#### [WHAT YOU ARE ASKED TO DO]
In the entries below, begin at the line that has "Pembukaan Kejuaraan daerah", stop after the line that has "Учитывая нормы и", and output those lines exactly with no pictures.

#### [THE DATA]
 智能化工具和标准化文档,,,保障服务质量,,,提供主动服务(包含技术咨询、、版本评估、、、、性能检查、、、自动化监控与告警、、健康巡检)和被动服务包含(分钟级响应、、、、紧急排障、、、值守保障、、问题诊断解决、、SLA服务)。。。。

---

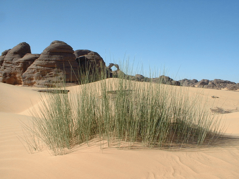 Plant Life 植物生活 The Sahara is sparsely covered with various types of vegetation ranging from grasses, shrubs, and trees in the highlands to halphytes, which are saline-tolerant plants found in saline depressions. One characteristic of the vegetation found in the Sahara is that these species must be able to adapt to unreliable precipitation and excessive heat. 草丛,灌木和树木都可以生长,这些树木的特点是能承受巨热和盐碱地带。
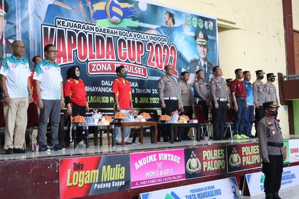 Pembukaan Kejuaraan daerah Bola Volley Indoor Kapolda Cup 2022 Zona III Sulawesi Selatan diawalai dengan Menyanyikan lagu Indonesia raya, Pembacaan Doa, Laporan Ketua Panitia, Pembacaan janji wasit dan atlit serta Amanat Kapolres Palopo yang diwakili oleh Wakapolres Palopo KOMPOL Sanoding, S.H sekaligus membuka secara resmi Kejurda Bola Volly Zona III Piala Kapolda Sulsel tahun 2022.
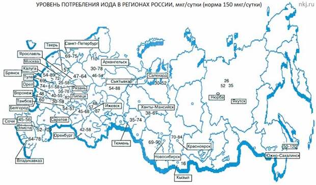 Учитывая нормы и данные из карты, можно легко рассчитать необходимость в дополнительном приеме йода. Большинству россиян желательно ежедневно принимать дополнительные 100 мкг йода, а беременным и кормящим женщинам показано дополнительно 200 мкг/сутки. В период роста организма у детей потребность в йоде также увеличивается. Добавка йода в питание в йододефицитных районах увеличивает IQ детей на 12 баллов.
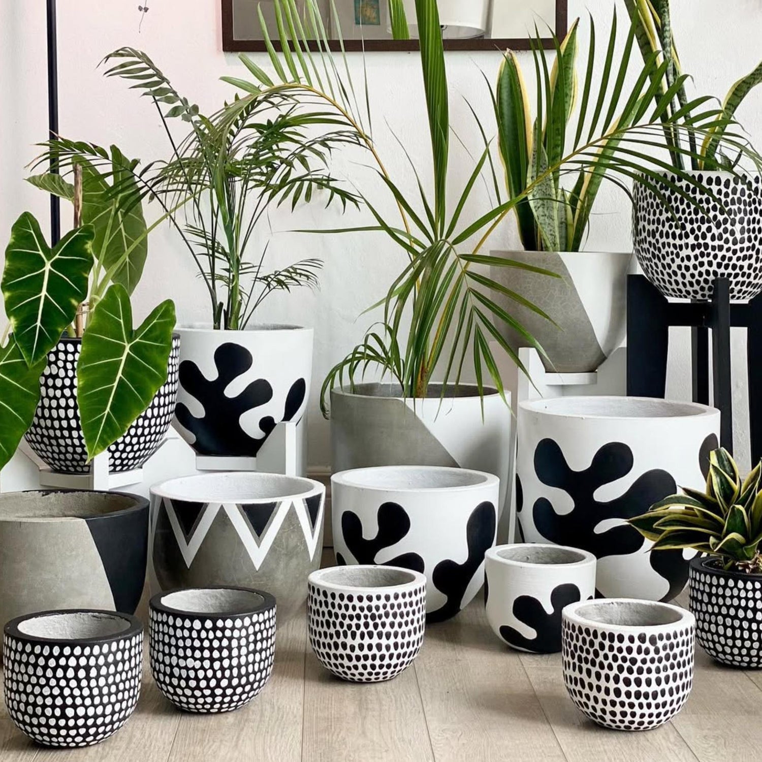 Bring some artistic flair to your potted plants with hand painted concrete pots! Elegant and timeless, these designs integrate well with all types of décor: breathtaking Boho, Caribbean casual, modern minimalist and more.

#### [YOUR RESPONSE]
 Pembukaan Kejuaraan daerah Bola Volley Indoor Kapolda Cup 2022 Zona III Sulawesi Selatan diawalai dengan Menyanyikan lagu Indonesia raya, Pembacaan Doa, Laporan Ketua Panitia, Pembacaan janji wasit dan atlit serta Amanat Kapolres Palopo yang diwakili oleh Wakapolres Palopo KOMPOL Sanoding, S.H sekaligus membuka secara resmi Kejurda Bola Volly Zona III Piala Kapolda Sulsel tahun 2022.
 Учитывая нормы и данные из карты, можно легко рассчитать необходимость в дополнительном приеме йода. Большинству россиян желательно ежедневно принимать дополнительные 100 мкг йода, а беременным и кормящим женщинам показано дополнительно 200 мкг/сутки. В период роста организма у детей потребность в йоде также увеличивается. Добавка йода в питание в йододефицитных районах увеличивает IQ детей на 12 баллов.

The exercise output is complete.